Единственное, что докучало ему сейчас, удивляло и даже вызывало смутный протест, разумеется, не высказываемый во всеуслышание, – это странные гости царя Главкия, прибывшие незадолго да начала празднества и уже собиравшиеся в обратный путь, но оставшиеся до окончания торжеств по особой, небывало почтительно высказанной просьбе царя Иллирии. Двое в простых туниках, высоких сандалиях и широких дорожных поясах сидели на противоположной стороне стола, чуть наискосок от Кинея и, не обращая внимания на происходившее вокруг, даже на ухищрения впавших в экстаз плясуний, спокойно и аккуратно насыщались, отправляя в рот то небольшие кусочки жаркого, то крохотные ломтики фаршированной по-иллирийски рыбы и тщательно, со вкусом их пережевывая. Лиц их не было видно под сплошными черными капюшонами-мешками с прорезями, позволяющими наблюдать за происходящим и вкушать пищу.
Зловеще выглядели эти колпаки. Отталкивающе. И дворцовые служители, почтительно кланяясь прибывшим, принимая у них поводья, старались держаться поодаль, украдкой – Киней заметил! – растопыривая пальцы рожками, словно желая защититься от сглаза или черной порчи. Попытка обратиться к непонятным незнакомцам оказалась тщетной. Два капюшона слегка колыхнулись, отвечая на учтивое приветствие, два глухих, явно намеренно измененных голоса пробурчали что-то невнятное. И потом таинственные гости бесшумно проследовали в отведенную им отдаленную комнату, и спустя два часа, осторожно, словно бы даже испуганно ступая, к дальней двери прошел и, задержавшись на пороге, негромко постучал особым – тук! тук-тук! тук-тук! тук! – стуком: осведомляясь, можно ли войти, не кто иной, как сам владыка всея Иллирии Главкий.

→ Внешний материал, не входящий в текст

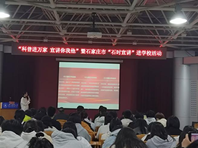 根据中共河北省委讲师团、河北省社会科学界联合会、河北省科学技术协会《关于开展“科普进万家 宣讲你我他”活动的通知》冀社科发〔2024〕11号相关安排,为推动石家庄市“科普进万家 宣讲你我他”“科普+宣讲”活动深入开展,科技处联合石家庄市科学技术协会、石家庄市社会科学院于10月31日下午2点半在科技报告厅开展“科普进万家 宣讲你我他”暨石家庄市“石时宣讲”进学校示范宣讲活动。石家庄市科协科普部部长段文涛、石家庄市社科院学会科普部部长刘献国、石家庄市科学普及中心部长吴君波、中共石家庄市委讲师团信息资料室主任陈战彬出席本次活动,bat365官网学生科技志愿服务队代表共207人参与本次活动。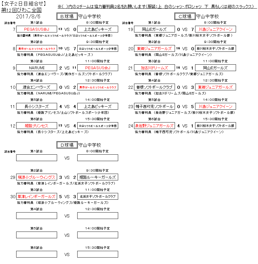 | 主管 | びわこオープン全国ジュニアソフトボール大会実行委員会、守山市ソフトボール協会 |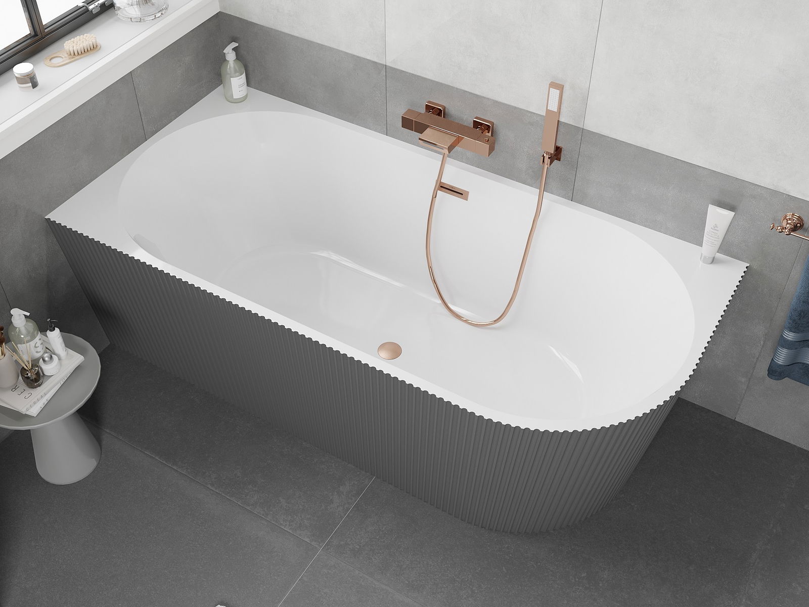 • Mexen Silo wanna wolnostojąca narożna lewa ryflowana  170 x 80 cm, biała/szara, przelew miedź szczotkowana - 52891708062L-65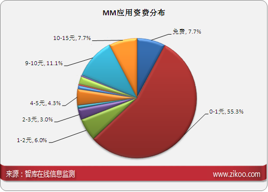 在资费方面,其中7.7%为免费应用,92.3%为收费应用。近年来免费的应用逐渐减少,收费的主要集中在0-1元、1-2元、9-10元几个区间,其中0-1元区间的应用产品比例较大,这个区间主要以主题类应用为主,9-10元区间则以游戏类应用为主。

Обиднее всего, что каждый служитель, даже раб, не говоря уж о приближенных царя, очевидно, если и не знал наверняка, то догадывался, кто эти люди, не желающие открывать лиц, откуда они и зачем им эти жутковатые колпаки. Но первый же, у кого Пирров наставник попытался хоть что-то разузнать, почтенный царский ключник, гроза всей прислуги, выслушав почтительный вопрос, сделал огромные глаза, всплеснул руками и торопливо засеменил прочь, забыв о своей всегдашней неспешной важности. Похоже, он действительно не на шутку перепугался. Царь Главкий в ответ на проявленный эллином интерес пугаться не стал, но непроницаемо улыбнулся, а верзила Аэроп, нелюбимый с давних пор, приложил руку к сердцу и покачал седой головой.
Сам-то он – и это, пожалуй, более всего бесило Кинея – встретился с капюшонами сразу после царя и провел наедине с ними весьма немалое время, а потом к незнакомцам отвели Пирра, и Киней предположил было, что уж теперь-то узнает все – слава богам, ученики никогда не имели от него секретов; вернее, почти не имели, но все равно, не вытерпев, рассказывали даже то, что хотели сохранить в тайне, – но юный молосс ничего не сказал любимому педагогу, виновато улыбаясь в ответ на расспросы, и эта улыбка показалась афинянину похожей на ничего не выражающую усмешку Главкия…
Отчего в последние месяцы малыш вновь сблизился с тупицей Аэропом? Почему меньше, чем прежде, тянется к Кинею? Неужели не понимает, что уроки любящего педагога более необходимы будущему царю, хоть и каких-то молоссов, от которого вся Ойкумена скоро станет ждать многого, нежели многочасовые скачки в грубом седле бок о бок со зверовидным, с тяжелым взглядом убийцы, верзилой?..
Нет, Киней положительно не чувствовал себя вполне счастливым!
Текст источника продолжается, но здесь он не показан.